La tercera fase de la revolución conservadora
PRIMERO FUE Reagan, en la década de los ochenta. Su revolución conservadora intentó acabar con el consenso básico de la posguerra, que había dado lugar a la edad dorada del capitalismo y a una distribución de la renta y la riqueza a través del Estado de bienestar. Suicidado el socialismo real, ya no se consideraba necesaria esa redistribución y había que volver a la naturalidad del mercado. El demócrata Clinton y los noventa supusieron un paréntesis en esos intentos de marcha atrás.
Luego llegaron George W. Bush y los neocon a la Casa Blanca e iniciaron la segunda etapa. La principal diferencia respecto a sus predecesores fue la desvergüenza: Reagan había hecho del anticomunismo la razón de ser del Partido Republicano; ese pegamento anticomunista (ideológico) fue sustituido por la relación directa entre el mundo político y el mundo económico, sobre todo a través de las industrias de la energía, seguridad y defensa. No hay nada de extraño en que éstas hayan sido las que más subieron en Wall Street al conocerse la victoria de Bush el pasado martes.

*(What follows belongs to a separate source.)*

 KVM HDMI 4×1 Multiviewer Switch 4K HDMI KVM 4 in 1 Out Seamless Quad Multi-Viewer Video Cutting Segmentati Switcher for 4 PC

Perdida la consigna de "¡cualquier cosa menos Bush!", por el legítimo voto de los ciudadanos, hay que refugiarse en la siguiente trinchera: una Europa fuerte es el único contrapeso a la contrarrevolución 'neocons'
Ahora, Bush se dispone a iniciar la tercera etapa de la revolución conservadora. No puede ser reelegido otra vez, por lo que ahora tratará de dejar su legado para la historia. Es el momento de releer el Proyecto para un nuevo siglo americano y los demás documentos que conforman la filosofía que va a seguir gobernando el mundo (El nuevo orden americano. Textos básicos. Compilación de C. Alarcón y R. Soriano. Editorial Almuzara), para saber lo que han votado mayoritariamente los americanos, y lo que nos espera a los demás.

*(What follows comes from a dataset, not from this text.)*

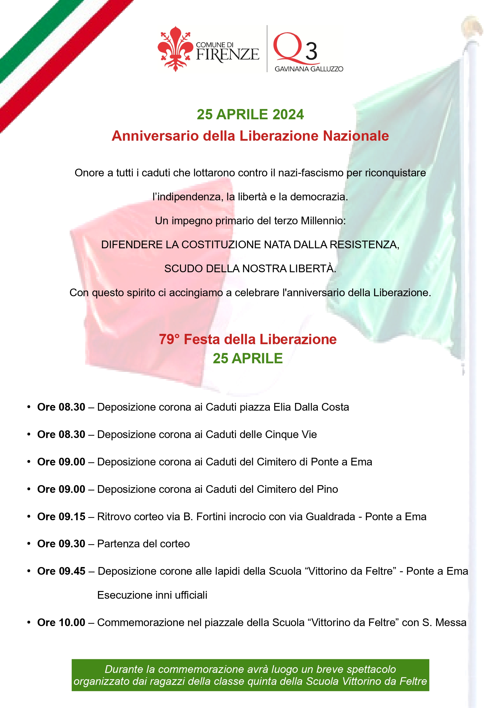 ● Ore 09.45 – Deposizione corone alle lapidi della Scuola “Vittorino da Feltre” - Ponte a Ema Esecuzione inni ufficiali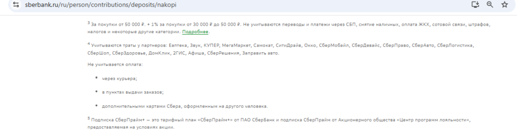 Список исключений для кэшбэка по карте: МСС 4812, 4813, 4814, 4815, 4816, 4829, 4899, 5933, 5960-5969, 6010-6012, 6050, 6051, 6211, 6300, 6529-6540, 7273, 7276, 7299, 7311, 7321, 7399, 7800-7802, 7995, 8651, 8661, 8999, 9211, 9222, 9223, 9311, 9399, 9405, 9406, 9754, покупки через СБП.

La filosofía neocon es meridianamente clara y constituye el envés de lo que solemos pensar los europeos. Lo dice el americano Jeremy Rikfin, en su último libro (El sueño europeo. Paidós): en muchos casos, el sueño europeo es el reflejo invertido del sueño americano. Cada vez son más los estadounidenses saturados de trabajo, mal pagados, sin tiempo para nada e inseguros respecto a sus posibilidades de mejoras en la vida; un tercio de esos ciudadanos ya no cree en el sueño americano. Al tiempo, Europa disfruta de mayor expectativa de vida, un menor índice de pobreza y criminalidad, así como de un menor deterioro urbano, vacaciones más largas y desplazamientos más cortos para llegar al trabajo.

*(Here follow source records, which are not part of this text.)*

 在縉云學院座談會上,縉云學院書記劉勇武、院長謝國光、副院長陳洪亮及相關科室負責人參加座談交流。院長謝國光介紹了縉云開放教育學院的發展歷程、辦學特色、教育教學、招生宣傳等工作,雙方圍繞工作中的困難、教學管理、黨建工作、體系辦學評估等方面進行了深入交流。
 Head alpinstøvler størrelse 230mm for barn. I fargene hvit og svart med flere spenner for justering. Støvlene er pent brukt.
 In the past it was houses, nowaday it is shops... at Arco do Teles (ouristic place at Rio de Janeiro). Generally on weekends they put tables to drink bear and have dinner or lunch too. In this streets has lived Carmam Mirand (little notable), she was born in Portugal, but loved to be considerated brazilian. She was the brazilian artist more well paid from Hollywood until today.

Recientemente, el estudio Trasatlantic Trend, elaborado por la Fundación americana German Marshall, con la colaboración de la Fundación BBVA, analizaba las relaciones actuales entre EE UU y Europa a través de un sondeo con una muestra de más de 11.000 personas. En él se pone de manifiesto que con la Administración de Bush han aumentado las diferencias entre lo que piensan los europeos y los norteamericanos. Teniendo los mismos valores comunes (lo que deshace la industria de los que defienden el antiamericanismo de los europeos), el deterioro es alarmante desde que Bush impuso la invasión de Irak de modo unilateral: el 76% de los europeos desaprueba la actual política internacional de EE UU, 20 puntos más que en el año 2002.
Los europeos opinan mayoritariamente como los demócratas americanos. La victoria de Bush no contribuirá a cerrar la brecha entre una parte de Occidente y la otra. Perdida la consigna de "¡cualquier cosa menos Bush!", por el legítimo voto de la mayoría de estadounidenses, hay que refugiarse en la siguiente trinchera: una Europa unida, fuerte, es el único contrapeso a la regresión democrática que ha liderado Bush en los cuatro últimos años, y que se acelerará si es coherente con la filosofía contenida en los documentos citados.
Hay dos reformas inmediatas que Bush ha prometido en la campaña electoral: la fiscal, por lo que se hacen permanentes las rebajas de impuestos a los más ricos, que han dado lugar al imponente déficit fiscal; y la reforma de la Seguridad Social, con la privatización de las pensiones a través de las cuentas de ahorro. A la división entre Europa y EE UU se une la de la propia sociedad americana, más profunda que nunca.